Line 97 of the server.js is:

 96:if(!module.parent) {
 97:    app.listen(port, (err) => {
 98:        if (err) {
 99:            console.error('Server error', err);
100:        }
101:        console.log('Listening on the port', port);
102:    });
103:}

So what exactly happens in the endpoint logic. We are using postgres npm module pg. We are passing pg.Pool to the context, so later we can use it in our models. We are executing insert query encapsulated in promise and push promises in the array. There are roughly 2700+ records. Later we do Promise.all on the array of promises and with then we send the message to Slack.
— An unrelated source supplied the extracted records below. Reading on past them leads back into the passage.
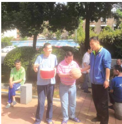
让智障人员的生活多姿多彩
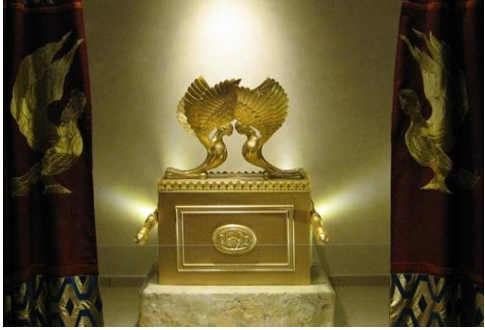
Ahit Sandığı'nın Kopyası
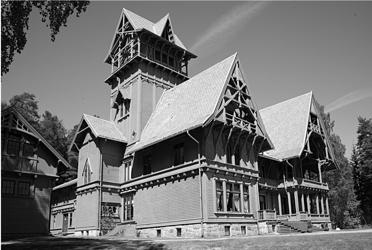
Рис. 1. Вілла „Фредгейм” в Норвегії. Фото [17].

Варто зазначити, що на формування „норвезького” стилю вплинув „швейцарський”, який охопив Скандинавські країни, особливо Норвегію та Швецію. Так, досліджувані об’єкти були багатодекоровані дерев’яною різьбою, яку в кінці XIX ст. пропагували в Європі, видаючи каталоги із прикладами дерев’яного народного зодчества, типовими проектами чи яскравими прикладами проектів архітекторів тощо. Наприклад, – виданий в Німеччині тритомник Б. Лібольда [6]. Низка особняків була побудована на теренах Стокгольмського архіпелагу у 1860–1915 рр. згідно проектів відомих архітекторів (напр. Адольфа Фредеріка Вільгельма Шоландера). Найбільш ранні зразки „швейцарського” стилю були представлені вже в 1839 р. у замковому парку в Осло за проектами арх. Ганса Франциска фон Лінстова. У Фінляндії вже в 1844 р. відзначився Ернст Бернхард Лорманн. Яскравим прикладом віллової забудови є вілла „Фредгейм” в Норвегії, в архітектурі якої гармонійно поєднано „норвезький” та „швейцарський” стилі (рис. 1) [17].
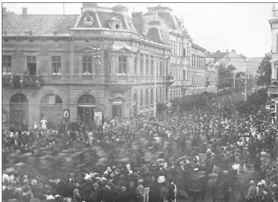
2. kép. Tüntetés a háború mellett. Fotós: Gantner Antal, 1914. július 30. (Soproni Múzeum)

énekelt. Késő este értek vissza a laktanyához. Ezután visszamentek a Royal-kávéház elé, ahol együtt elénekelték a Szózatot. Az éjszakai órákban az emberek megtöltötték a vendéglőket és kávéházakat. 28 A kezdeti eufóriát és a közelgő összecsapást pártoló közérzetet azonban a hétköznapi nehézségei követték négy éven át.
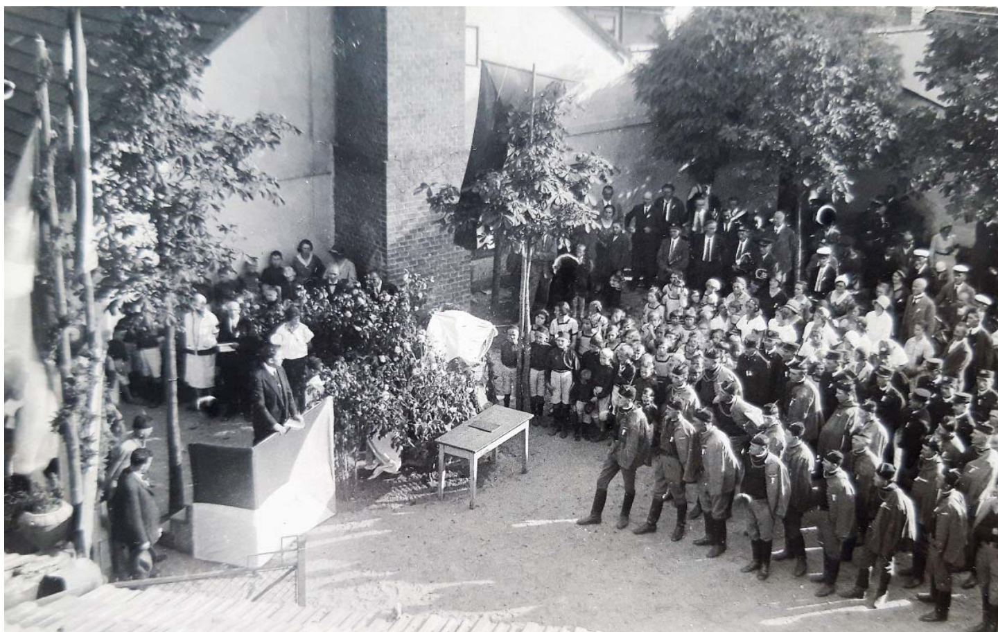
Odhalení pomníku bylo velkou slávou. „Po odhalení uspořádána byla v sokolovně tělocvičná besídka,“ stojí ve starobělské sokolské kronice.
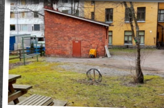
As Oy Kulmakivi, Sofiankatu 4 b, keväällä 2016
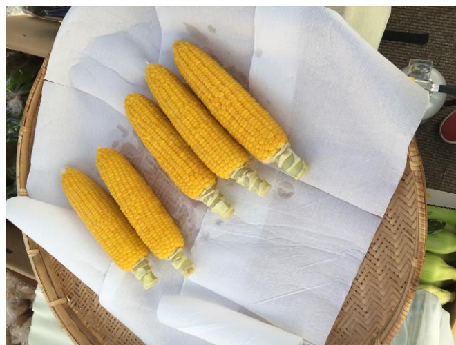
蒸したてトウモロコシ
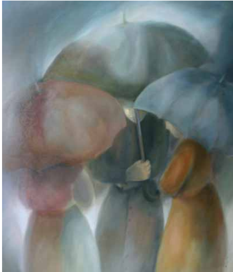
"Agardando", óleo sobre táboa, 1'50x 1'27 m.

Acuarela pertencente a: Coñece Celeiro, porto punteiro (2000), editado polo Seminario de Estudos Terra de Viveiro e Puerto de Celeiro S.A.
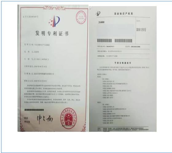
2020年12月7日，公司取得发明专利一项
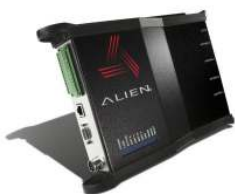
Antény Alien ALR-8610
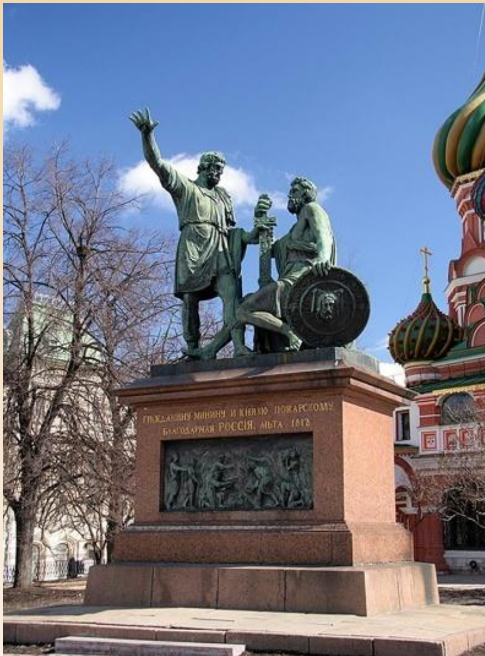
Памятник Минину и Пожарскому в Москве.
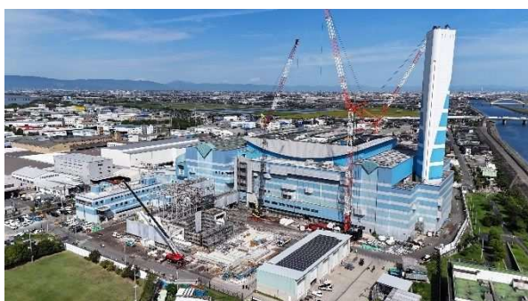
写真① 南陽工場全景
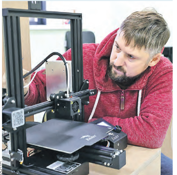
Белорусские инженеры заставляют современные технологии служить людям.

Вовсю трудится и робот-фасовщик, способный заменить целую бригаду. Пока ему в тестовом режиме доверяют переключать печенки, но создатели говорят, что это только начало.
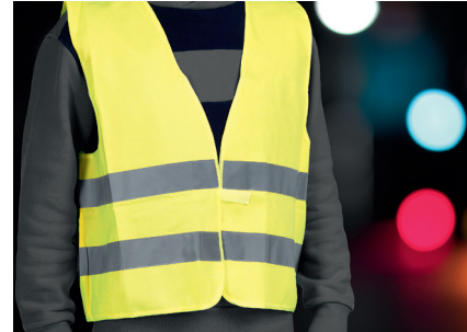
Gilet ad alta visibilità
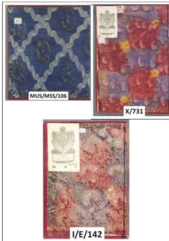
Figura 9. Guardas de papel encolado al engrudo (fuente Real Biblioteca)

En la BEHA a estas guardas se las denomina como de papel brocado para el ejemplar I/E/142 y de papel pintado para los demás.
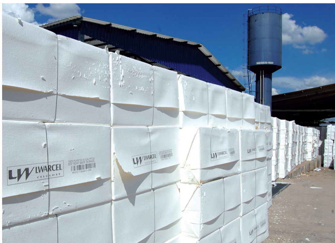
É grande a variedade de papéis brancos e pardos produzidos pela Lutepel, em Lençóis Paulista

Investimento tecnológico e preços justos fazem da Lutepel uma das empresas líderes em seu segmento, com produção para o Brasil, América Latina e Europa
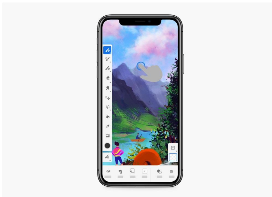
圖 1：Fresco iPhone 版本；藝術作品由 Jinjin Sun 創作

Fresco 現在也支援文字編輯功能，添加些許文字，除了錦上添花還能更豐富地傳達故事。而內建的滑桿也可用於調整大小、指引和追蹤，同時還有數千種 Adobe Fonts 字體可供選擇。
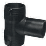
ΗΛΕΚΤΡΟΤΑΦ PE 100 PN16
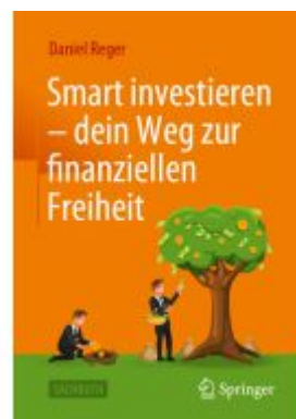
Smart investieren – dein Weg zur finanziellen Freiheit Ladenpreis: 30,83EUR
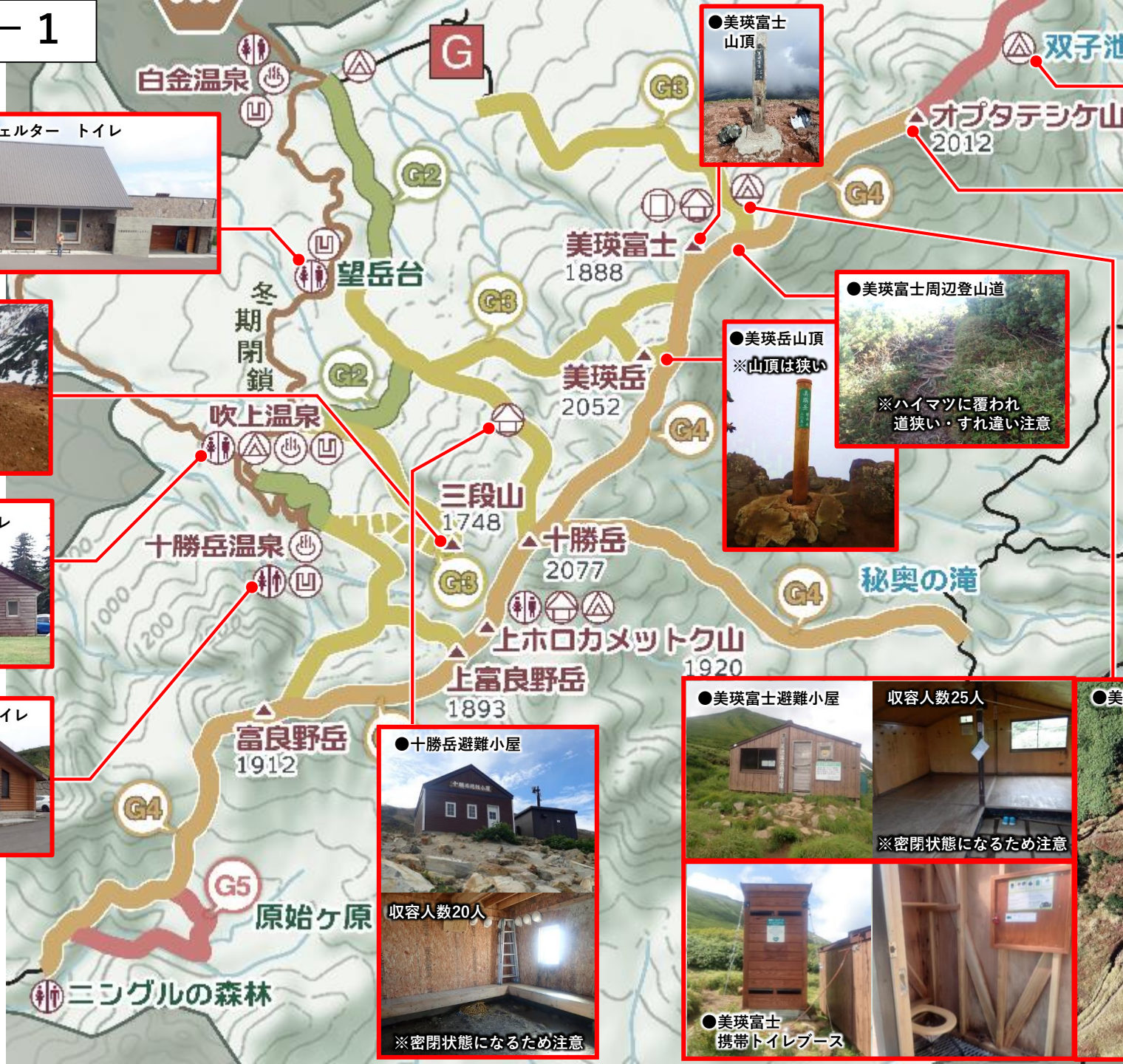
●十勝岳望岳台防災シェルター トイレ

As you can see I do not know if the error is related to koa or pg or some other thing. What is more intriguing is that locally everything works (node server as well as in docker container), but on Mesos it does not. How can I find out what is wrong?

  • version of koa npm module: 1.2.0
  • version of pg npm module: 6.1.0
  • version of Postgres 9.5
  • version of Mesos: 1.0.1
2

There are 2 answers

0
daniyel On BEST ANSWER

Thanks to another developer, we found out what was the cause of the ERROR. We used all connections in the pool when there was an import running.

When the marathon was requesting the service status at the time of the import, service tried to connect to the database to test the connection and at that time the connection to the database was terminated. Service became unhealthy and marathon restarted the service. We re-factored the import code. We are limiting the number of pool connections.

0
Ted On

According to this github issue this is an error caused by tiny-lr.

It seems that downgrading to version 0.2.1 stops it, but this is usually a dependency of other packages you're using that you've got no control over. You might be able to filter out the error by displaying all errors except this, as such:

if (error.code !== 'ECONNRESET') { console.log(error) }

The issue is still open, and dates from Oct 27, 2016. Don't know if it will get fixed or not. But as far as feedback goes, it doesn't seem like a dangerous error, or to have any impact whatsoever. But heh, I'd rather fix mine too, if there was a way.